To conclude, for the reconstruction of noisy data, multiple MR‐informed methods produce favorable whole brain vs PET‐unique region trade‐off curves, very comfortably outperforming the whole brain denoising of postsmoothed MLEM, for a fixed PET‐unique region SSIM.

Supporting information

Appendix S1: Appendix A: Comparison of KEM and KEM LVS basis functions.

Appendix B. Extended evaluation of simulated dataset.

Fig. S1: Basis functions derived using either the conventional kernel method (KEM) method or the KEM largest value sparsification (LVS) method. The impact of the different implementations on basis function shape is shown for a uniform (top row) and structured (bottom row) magnetic resonance (MR) region.

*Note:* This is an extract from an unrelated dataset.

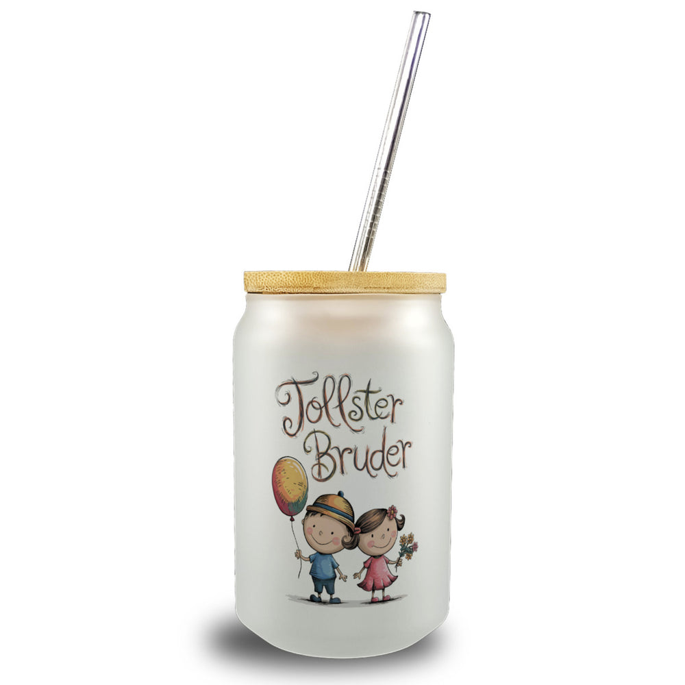 - 1x Tollster Bruder Cartoon Trinkglas mit Bambusdeckel für Geschwister mit Bambusdeckel oder Henkel

Only the proposed KEM LVS can deliver compact basis functions in uniform MR regions and also structured basis functions in detail containing MR regions for the same fixed set of parameters.

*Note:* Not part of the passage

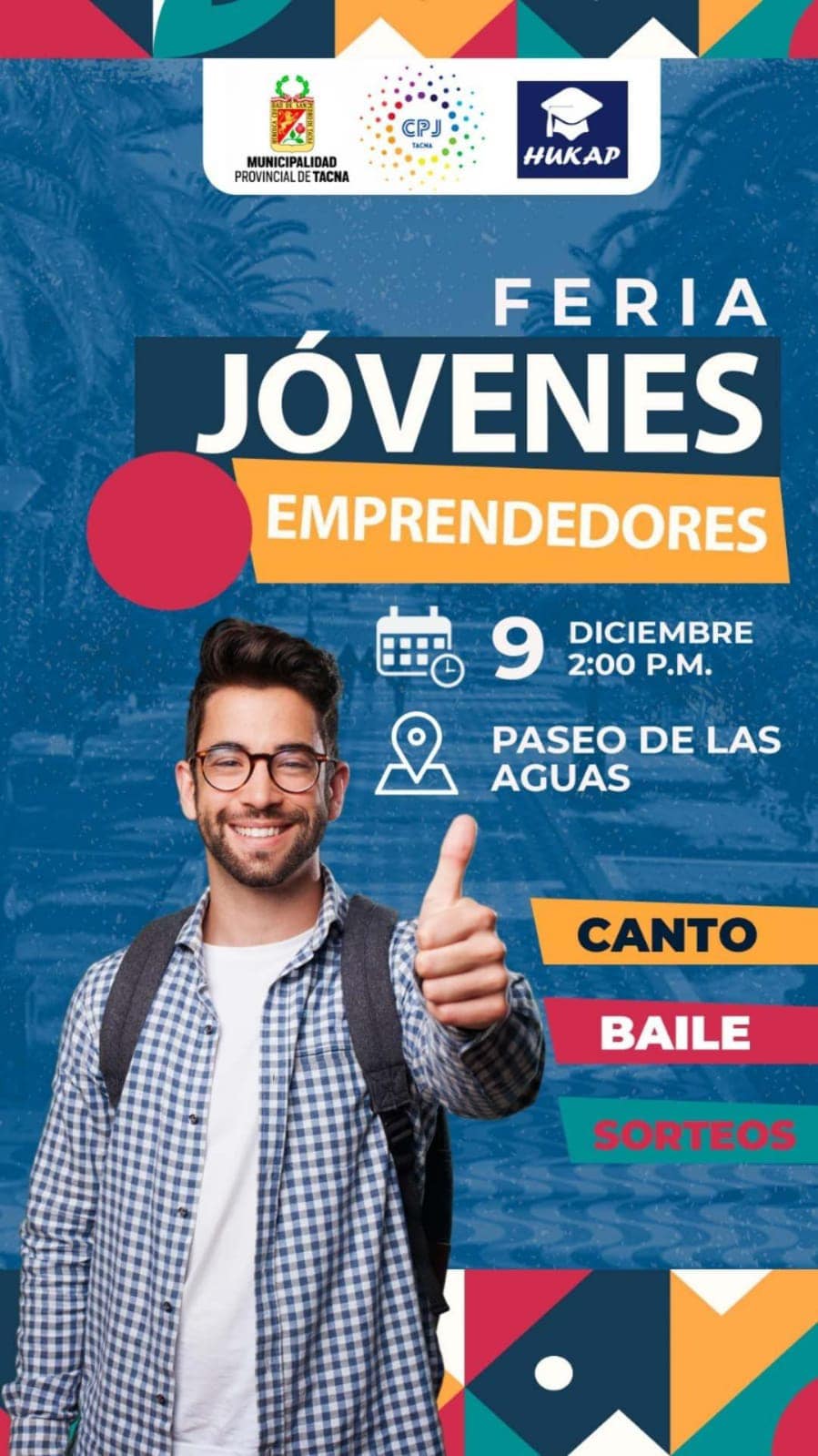 • La Municipalidad Provincial de Tacna realizará en el Paseo de las Aguas a partir de las 2:00 PM la Feria Jóvenes Emprendedores. Habrá animación, baile, canto y sorteos.

Fig. S2: All the results shown are for the high counts (10⁸) simulated dataset, using multiple noise realizations. Bias Images: bias images for each of the positron emission tomography (PET)‐unique regions, shown for increasing level of β (MAP) or k (KEM) for each reconstruction method. Std Images: standard deviation images for each of the PET‐unique regions, shown for increasing level of β or k for each reconstruction method. Bias‐Std Trade‐off: Bias vs standard deviation plots for each of the PET‐unique regions, for increasing levels of β (MAP) or k (KEM) along each curve. Tumor Profiles: tumor profiles through the mean image (averaged across noise realizations) of each reconstruction method (approximately fixed normalized root mean square error), for each PET‐unique region.

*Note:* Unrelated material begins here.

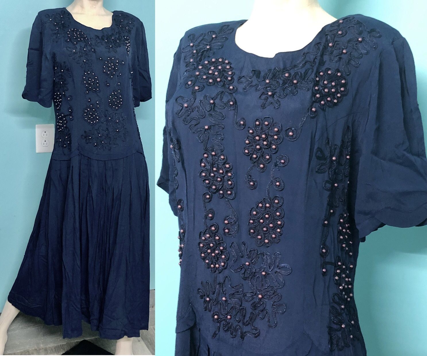 Vintage beaded, short sleeve, flapper style drop waist maxi dress. Gorgeous special occasion, mother of bride dress with pleated sleeves that have scalloped edges, ribbon and bead, embellishment all over the front bodice, and perma-pleated skirt With oversized drop waist. Brand: Sarin NY Size: L Color: navy blue with copper accent. Fiber content: 100% rayon. Stretch: none. Condition: like new vintage Measurements: laying flat, side to side and top to bottom. Armpit to armpit: 22 inches Waist: 19 1/2 inches Hips: 25 inches Across shoulders and back: 17 1/2 inches Sleeve length from nape of the neck: 12 inches Top of shoulder to hem bottom: 50 inches

Fig. S3: All the results shown are for the low counts (10⁷) simulated dataset, using multiple noise realizations. Bias Images: bias images for each of the positron emission tomography (PET)‐unique regions, shown for increasing level of β (MAP) or k (KEM) for each reconstruction method. Std Images: standard deviation images for each of the PET‐unique regions, shown for increasing level of β or k for each reconstruction method. Bias‐Std Trade‐off: bias vs standard deviation plots for each of the PET‐unique regions, for increasing levels of β (MAP) or k (KEM) along each curve. Tumor profiles: tumor profiles through the mean image of each reconstruction method (the selected parameters for which correspond to an approximately fixed whole brain normalized root mean square error, for each PET‐unique region. The maximum likelihood expectation maximization (MLEM) profile has been taken from the mean image of MLEM with post reconstruction smoothing applied (FWHM 3.5 mm).